Data excerpts
*** Block opens ***
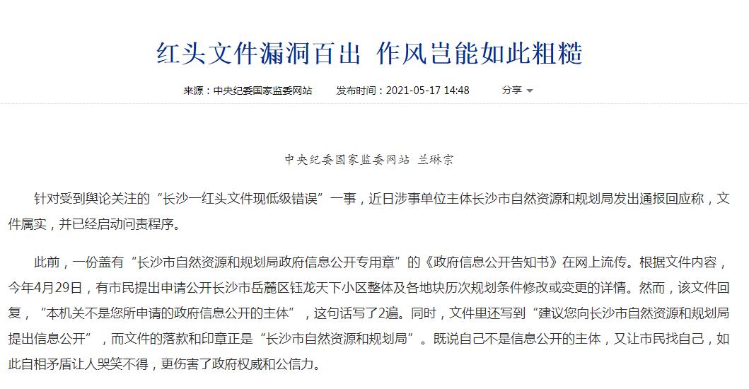 對此,中央紀委國家監委也發文指出,針對受到輿論關注的「長沙一紅頭文件現低級錯誤」一事,近日涉事單位主體長沙市自然資源規劃局發出通報回應稱,文件屬實,並已經啟動問責程序。
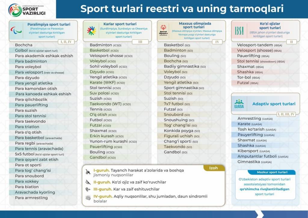 Мазкур саъйи-ҳаракатлардан келиб чиқиб, Спорт вазирлиги томонидан адаптив спорт турлари, жумладан, паралимпия, сурдлимпия, махсус олимпиада ва кўзи ожизлар спорт турлари реестри ва унинг тармоқлари тасдиқланди.
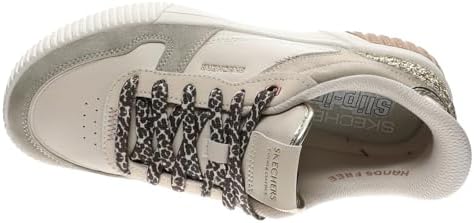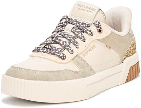 Step into style and comfort with these fashionable slip on shoes for women from Skechers. The Jade Radiant Roar sneakers combine glamorous safari-inspired design with practical comfort features. These slip on sneakers for women feature a duraleather and suede upper adorned with a glittered heel panel and metallic accents. The court-style fashion design includes eye-catching animal print laces and Air-Cooled Memory Foam insole for all-day comfort. Perfect for the fashion-forward woman seeking both style and functionality in their womens slip on shoes.
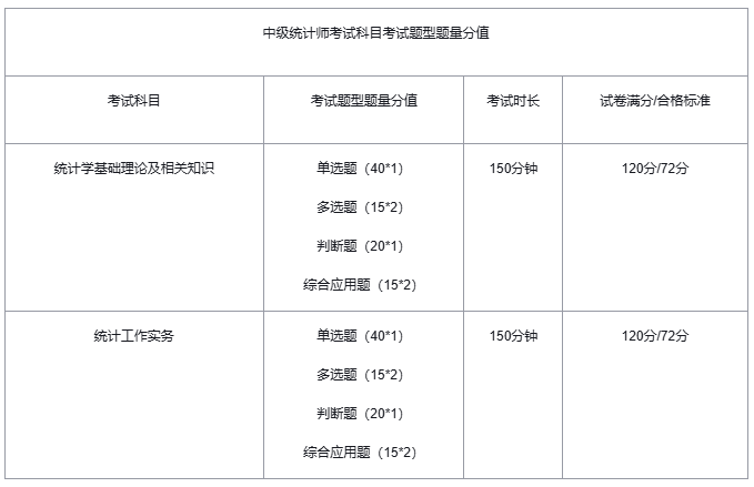 统计专业中级资格考试科目为《统计基础理论及相关知识》和《统计工作实务》,参加统计专业中级资格考试的人员,必须在1个考试年度内通过全部科目,方可获得统计专业技术中级资格证书。
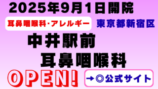 2025年9月1日、東京都新宿区に開院した中井駅前耳鼻咽喉科。耳・鼻・のどの一般診療から花粉症・アレルギー治療、めまい外来や睡眠時無呼吸症候群外来まで幅広く対応。小児耳鼻科や補聴器外来もあり、お子さまから高齢者まで安心して通院可能。都営大江戸線・西武新宿線「中井駅」すぐの好立地でWEB予約OK。地域に寄り添う、頼れる耳鼻咽喉科クリニックです。
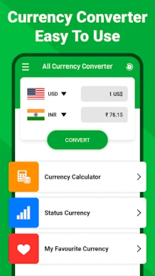 Three simple screens offer a choice of all currencies, your own selection of personal currencies or just one currency to be converted at a time.
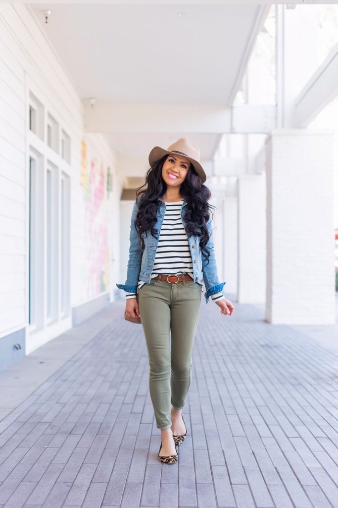 We made it to Friday again! 🥰🥰 Casual Friday is here and these olive green pants are a head turner for sure 🤩 Olive Green Pants Striped Tee Denim Jacket Brown Belt Cheetah Print Flats
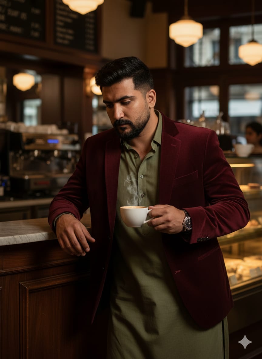 A captivating half-body portrait (exact face retention required) of a man dressed in a soft olive shalwar kameez and a dark ruby-red velvet blazer. He is positioned leaning effortlessly against a high, polished wooden counter inside a classic Parisian-style café. Pose involves one hand gripping the counter edge, the other gently holding a steaming coffee mug, eyes focused downward in thought. Warm ambient lighting, deep cinematic shadow play, shallow depth of field, fashion magazine aesthetic.
*** Block closes ***
Out of the records above, set down only the lines from the one that contains "Three simple screens" through the one that contains "We made it to", unchanged and without the pictures.

 Three simple screens offer a choice of all currencies, your own selection of personal currencies or just one currency to be converted at a time.
 We made it to Friday again! 🥰🥰 Casual Friday is here and these olive green pants are a head turner for sure 🤩 Olive Green Pants Striped Tee Denim Jacket Brown Belt Cheetah Print Flats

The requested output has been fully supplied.